Back to School 2013

Interesting only to Grandparents, Aunties & Uncles.

Daisy started Year 1 today. Remember last year? She’s grown up hasn’t she? She loves me taking pictures of her, and this morning she was particularly thrilled. Although it’s hard to tell, she really was excited about heading back to School.

No really, she was. See that look? I’ve been getting that for over a week now, every time I ask her to do something. Like have a bath. Or get dressed. You know, unreasonable things.

I managed one.

Harper starts Preschool on Monday and I can’t EVEN. There will be 2 days a week that I’m home. Alone. Well apart from a sniffing around husband.

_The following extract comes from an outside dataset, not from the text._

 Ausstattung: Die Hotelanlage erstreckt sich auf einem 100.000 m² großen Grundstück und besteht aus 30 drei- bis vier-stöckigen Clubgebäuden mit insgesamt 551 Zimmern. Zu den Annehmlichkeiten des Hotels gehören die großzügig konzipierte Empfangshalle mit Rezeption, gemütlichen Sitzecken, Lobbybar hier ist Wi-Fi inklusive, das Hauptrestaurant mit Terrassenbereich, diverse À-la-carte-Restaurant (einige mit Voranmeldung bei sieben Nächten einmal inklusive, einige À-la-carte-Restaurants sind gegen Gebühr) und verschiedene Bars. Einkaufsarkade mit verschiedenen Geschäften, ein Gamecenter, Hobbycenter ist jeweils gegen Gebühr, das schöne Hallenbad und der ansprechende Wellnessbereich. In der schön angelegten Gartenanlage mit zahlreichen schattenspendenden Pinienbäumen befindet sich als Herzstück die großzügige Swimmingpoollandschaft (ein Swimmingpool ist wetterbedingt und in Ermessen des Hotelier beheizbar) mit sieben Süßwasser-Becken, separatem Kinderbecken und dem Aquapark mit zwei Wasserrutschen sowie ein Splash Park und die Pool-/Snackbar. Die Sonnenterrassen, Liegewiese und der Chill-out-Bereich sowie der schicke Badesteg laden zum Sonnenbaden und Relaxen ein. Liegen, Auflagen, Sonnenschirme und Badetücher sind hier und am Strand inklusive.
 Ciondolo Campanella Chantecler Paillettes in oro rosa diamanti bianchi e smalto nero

I know it’s cliched and all those things but my heart. It aches with pride, love and sadness today. The letting go, it never gets easier, I don’t think it ever will.

Comments

  1. I’m just back from the Y2 drop off for the first time and I feel sadder than last year. My baby is sitting in the same classroom my big boy sat in 10 years ago. The one going off to uni. It’s all too much. x

  2. Grover had his best start assessment this morning. To start school on Monday. He insisted on wearing his brand new hard uncomfortable orthotically appropriate school shoes and hand-me-down school socks with his normal clothes.

    My heart.

    There was the incident in which Felix went to school a day early which kinda lightened the mood/mindset though, so there is that.

  3. I still haven’t come to terms emotionally with the kindy drop off. Don’t get me started on SCHOOL.

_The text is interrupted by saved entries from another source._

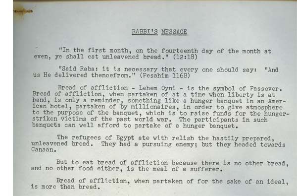 This bulletin from Ohav Sholom Congregation in Donora shows the Orthodox congregation preparing for Passover in traditional fashion, including the sale of leavened food and the completion of a tractate of the Talmud, which allows first-born sons to avoid a fast day immediately preceding the holiday.
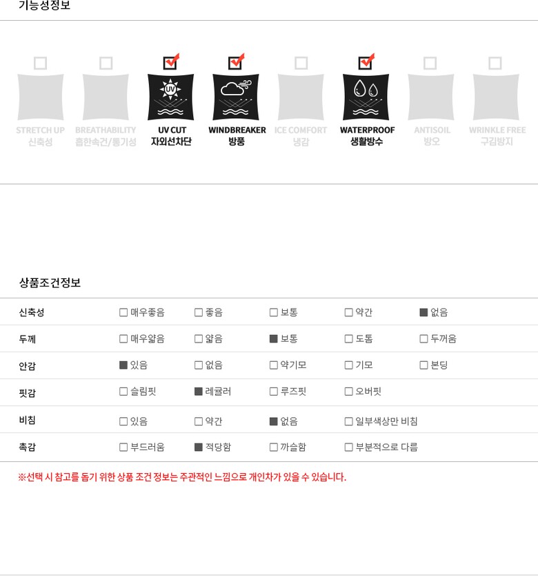 | 6. 세탁방법 및 취급시 주의사항 | 개별세탁권장/온수세탁금지,화기금지,표백금지 |
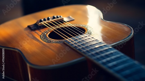 Fototapeta premium Close-up View of an Acoustic Guitar in Warm Light
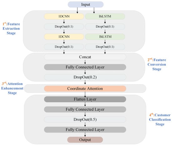 In order to further understand the complex behaviour of the customer history data, we further refine the extracted features in the attention enhancement stage. Specifically, we use the coordinate attention mechanism, through which we can capture the dependencies on feature channels and feature maps, effectively enhancing the feature representation of the network. The coordinate attention module encodes the transformed feature maps into direction-aware and location-sensitive attention maps, which effectively strengthens the important features related to churn and suppresses irrelevant features, thus enhancing the network’s ability to capture features related to customer churn behaviour. The output data from this stage are then passed to the next stage for churn classification.

  4. I dropped all mine off, after looking forward to it for WEEKS,.and I feel sad,..and lonely,..and the house is SO QUIET. . x

    • It’s our right, as Mothers, to change our minds often and quickly. I was DESPERATE for her to be gone yesterday, and now I’m all sad. Silly sausage. Me, that is.

  5. I got the SAME look from my first timer this morning. Right before the tears……mine, then hers.
    They’re dancing on air on the inside.

  6. Your girls are gorgeous…scowls and all.

    I am pretty sure I gave my mother that look more often than I care to admit.
    Sigh.
    I am making it up to her now though by being an exemplary grown up daughter.
    So there is hope.

    Enjoy the time home alone.
    I start off loving my days to myself…and then at just about two o’clock I find myself missing my little man!

  7. My son started year 1 today too. So different to last year.

  8. I’m just home from drop-off, Bell’s first day in junior college (year 5). I’m being quite brave….

  9. Daisy is growing up so fast. You have two beautiful girls. My heart just melts for that gorgeous Harper!

  10. I just did a post about my kids growing up, so I know how you feel.
    Please pop over and visit me.
    I’m now following you..xx

  11. My biggest starts high school next week & I can’t even put into words how I feel. The letting go does not get easier, for me it gets harder! He looks ready, tells me he is ready but I’m not! Three months ago I thought I was but I’m not…

  12. Year One children have the world all sewn up…this is a fact. You know nothing! This is from a very, very experienced teacher, mum and grandmother…. XX

  13. I think I just peed my self laughing!!! You sure your child is not related to mine???

  14. Oh, I hear you Beth. About it all!
    My firstborn started Prep today. I’m all kinds of messed up about it. It’s such a mix of emotions isn’t it – so lovely to have the peace and the one-on-one time with the younger child, but also so heart-wrenching to see how fast they’re growing up.
    The letting go, is definitely the hardest part of parenthood.
    It sux!
    x

  15. Oh that look looks so familiar. My ten year old does one very similar. And we have a guaranteed 5 – 10 minute argument every single time I tell her to have a shower. Aaaaggghhhh – does my head in.

  16. Our D starts pre-school next week too. It’s only 2 afternoons a week but I have no idea how I’ll say goodbye… x

  17. I’m sorry, but that first photo is one of the most awesome back-to-school photos EVER.
    And yes. This letting go stuff is bullshit.